EP by Il Volo
- Released: 20 February 2015
- Genre: Pop; operatic pop;
- Length: 26:32
- Language: Italian
- Label: Columbia
- Producer: Celso Valli, Michele Torpedine

Il Volo chronology
| The Platinum Collection (2015) | Sanremo grande amore (2015) | L’amore si muove (2015) |

Singles from Sanremo grande amore
- "Grande amore" Released: 12 February 2015;

= Sanremo grande amore =

Sanremo grande amore is an extended play by Italian operatic pop trio Il Volo, released in February 2015 following their appearance at the 65th Sanremo Music Festival, in which their song "Grande amore" received first prize in the "Big Artists" category.
"Grande amore", released as the set's lead single on 12 February 2015, is the only original composition of the EP. The remaining six tracks are covers of popular Italian songs.

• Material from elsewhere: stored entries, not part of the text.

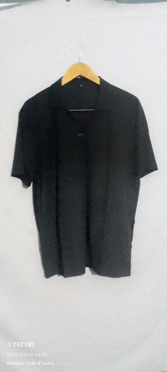 Chemise en lin noire élégante, parfaite pour un look décontracté et chic. Confort respirant idéal pour l'été. Must-have pour votre garde-robe!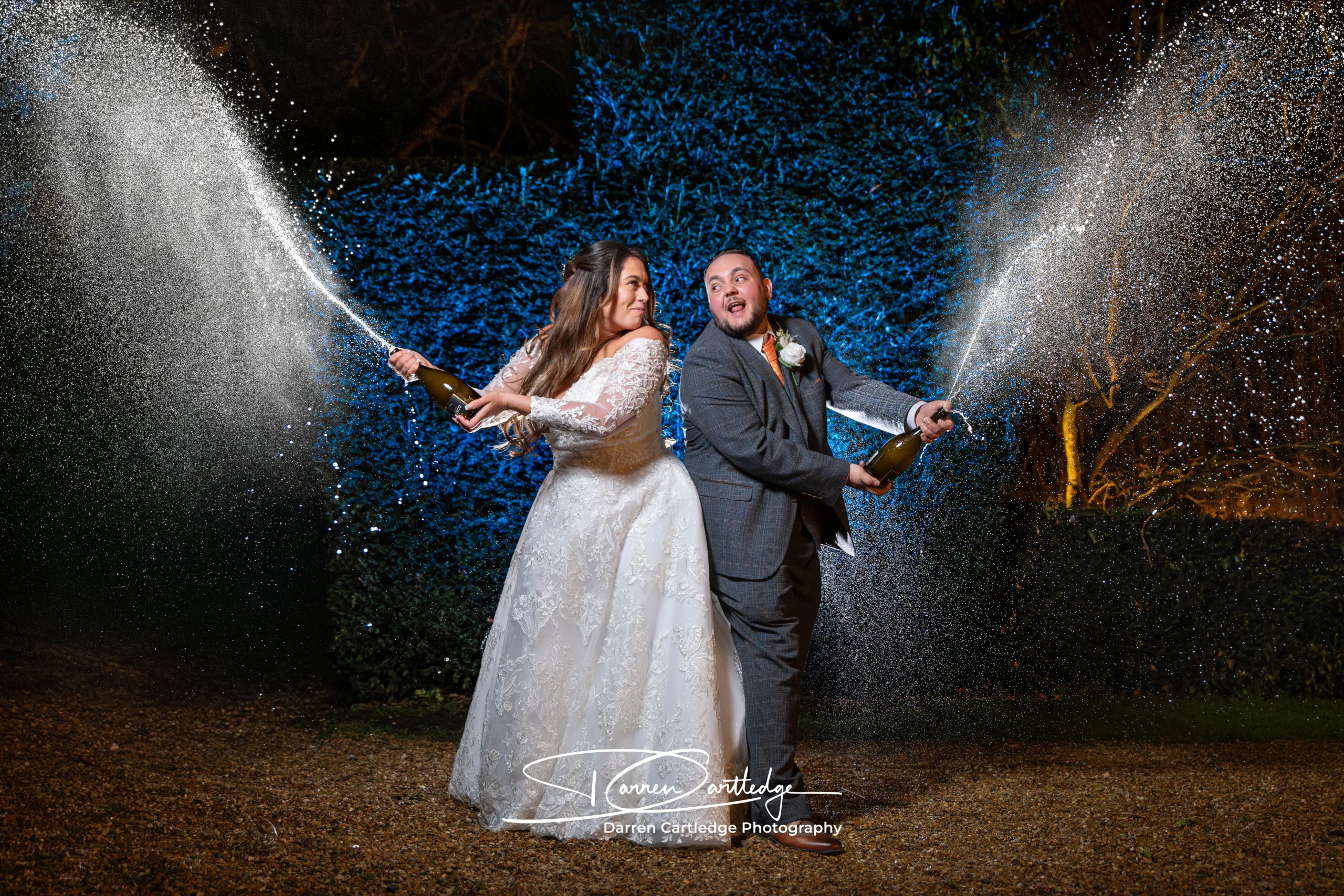 Twilight is a magical part of the day. Using off-camera flash, I capture cinematic, romantic images — from couple portraits to champagne sprays, sunsets, and silhouettes. Couples who include this in premium packages get truly unforgettable evening photographs.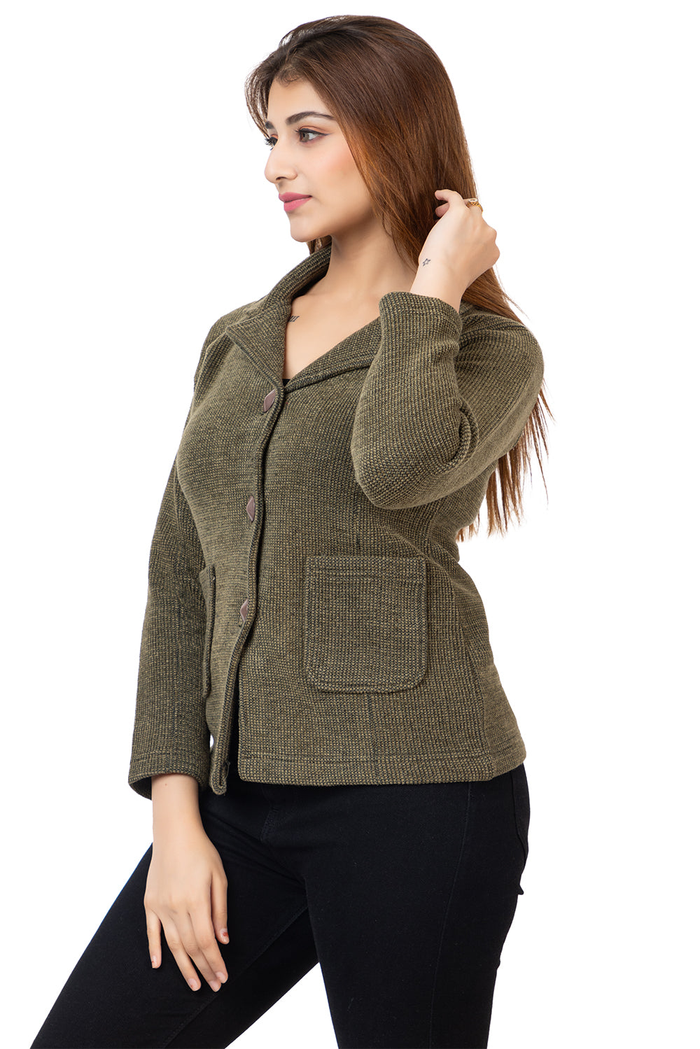 2815 Olive Knitted Notched-Collar Cardigan with Pockets TWENTY ME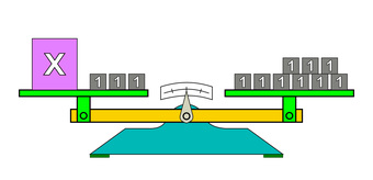 Das Bild gehört zur Serie "Mathematik, Gleichungen". Es veranschaulicht eine linearen Gleichung durch Körper auf einer Waage. Das Bild ist unter CC0 lizenziert und kann somit frei verwendet werden.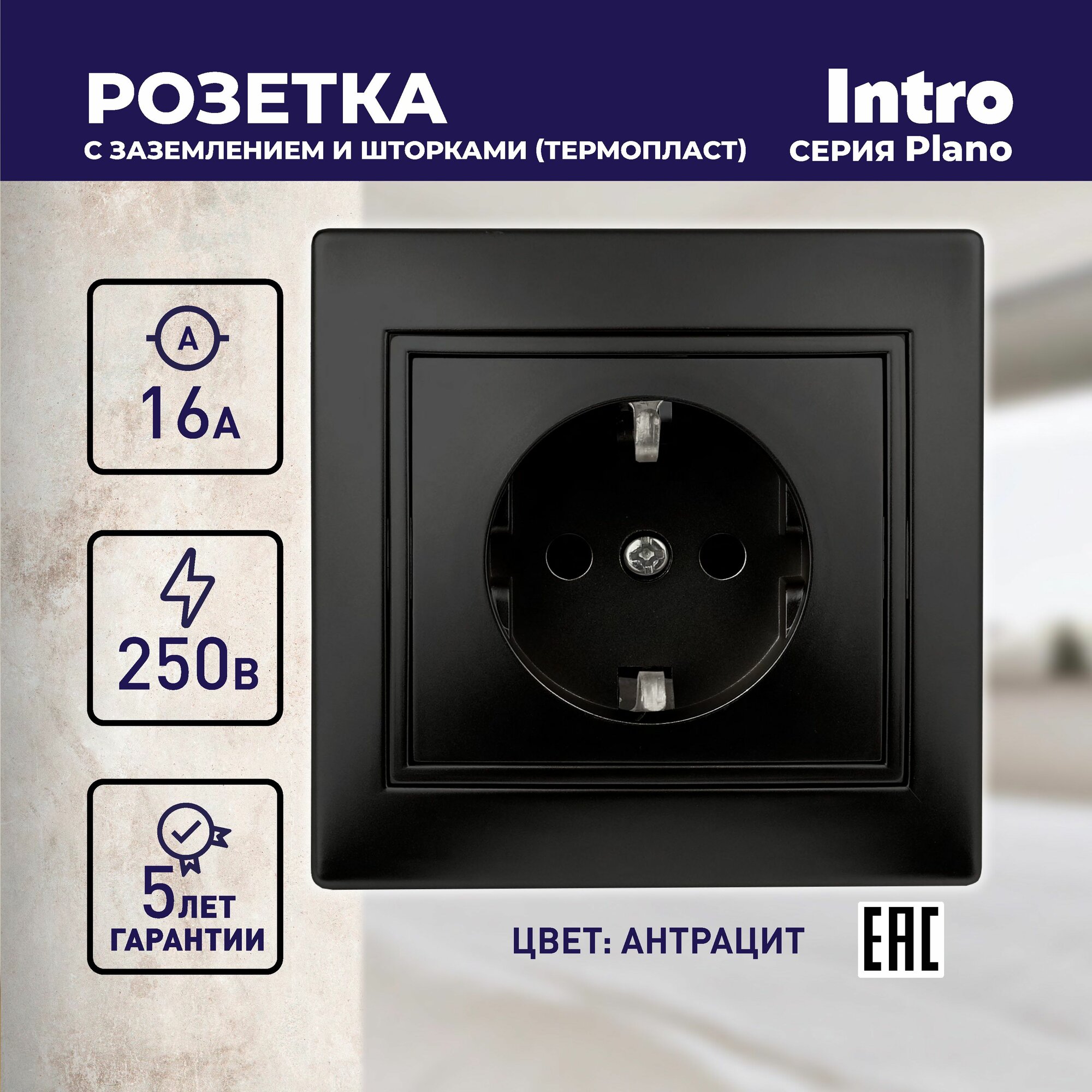 Купить Розетка Intro Plano 1-206-05 с заземлением 2P+E Schuko со шторками 16А-250В IP20 скрытой установки черный

Sanremo grande amore is also Il Volo's first release for their new label, Sony Music.

==Track listing==

| No. | Title | Writer(s) | Length |
|---|---|---|---|
| 1. | "Grande amore" | Francesco Boccia, Ciro "Tommy" Esposito | 3:44 |
| 2. | "Ancora" (Eduardo De Crescenzo cover) | Franco Migliacci, Claudio Mattone | 3:32 |
| 3. | "Vacanze romane" (Matia Bazar cover) | Giancarlo Golzi, Carlo Marrale | 4:15 |
| 4. | "Canzone per te" (Sergio Endrigo cover) | Luis Bacalov, Sergio Endrigo, Sergio Bardotti | 4:00 |
| 5. | "Piove (Ciao, ciao bambina)" (Domenico Modugno cover) | Domenico Modugno, Dino Verde | 3:33 |
| 6. | "Romantica" (Renato Rascel cover) | Renato Rascel, Dino Verde | 3:26 |
| 7. | "L'immensità" (Don Backy cover) | Mogol, Aldo Caponi, Mariano Detto | 4:02 |
| Total length: |  |  | 26:32 |

==Charts==

| Chart (2015–16) | Peak position |
|---|---|
| Austrian Albums (Ö3 Austria) | 9 |
| Belgian Albums (Ultratop Flanders) | 104 |
| Belgian Albums (Ultratop Wallonia) | 59 |
| Greek Albums (IFPI Greece) | 20 |
| Dutch Albums (Album Top 100) | 63 |
| Italian Albums (FIMI) | 1 |
| Polish Albums (ZPAV) | 22 |
| Swiss Albums (Schweizer Hitparade) | 15 |
| US Top Classical Albums (Billboard) | 7 |

===Year-end charts===

| Chart (2015) | Position |
|---|---|
| Italian Albums (FIMI) | 7 |

==Personnel==

===Il Volo===

- Gianluca Ginoble - Baritone
- Piero Barone - Tenor
- Ignazio Boschetto - Tenor

===Musicians===

- Celso Valli - Arrangements, production, orchestra conductor, piano and keyboards
- Mattia Tedesco - Electric and acoustic guitars
- Paolo Prosperini - Gipsy guitar
- Massimo Varini - Acoustic guitar (tracks 5 and 6)
- Cesare Chiodo - bass
- Paolo Valli - drums
- Tommy Ruggero - percussions
- Stefano Bussoli - timpani
- Massimo Tagliata - accordion
- CV Strings Ensemble - Strings
- Valentino Corvino - first violin
- Stefano di Battista - Saxophone (track 2)

===Technical crew===

- Celso Valli, Michele Torpedine - production
- Enrico Capalbo, Roberto Bartilucci - audio engineering
- Marco Borsatti - audio engineering, mastering
- Giordano Mazzi - editing
- Maurizio Biancani - mastering

==Certifications==

| Region | Certification | Certified units/sales |
| Italy (FIMI) | 3× Platinum | 150,000^{*} |
^{*} Sales figures based on certification alone.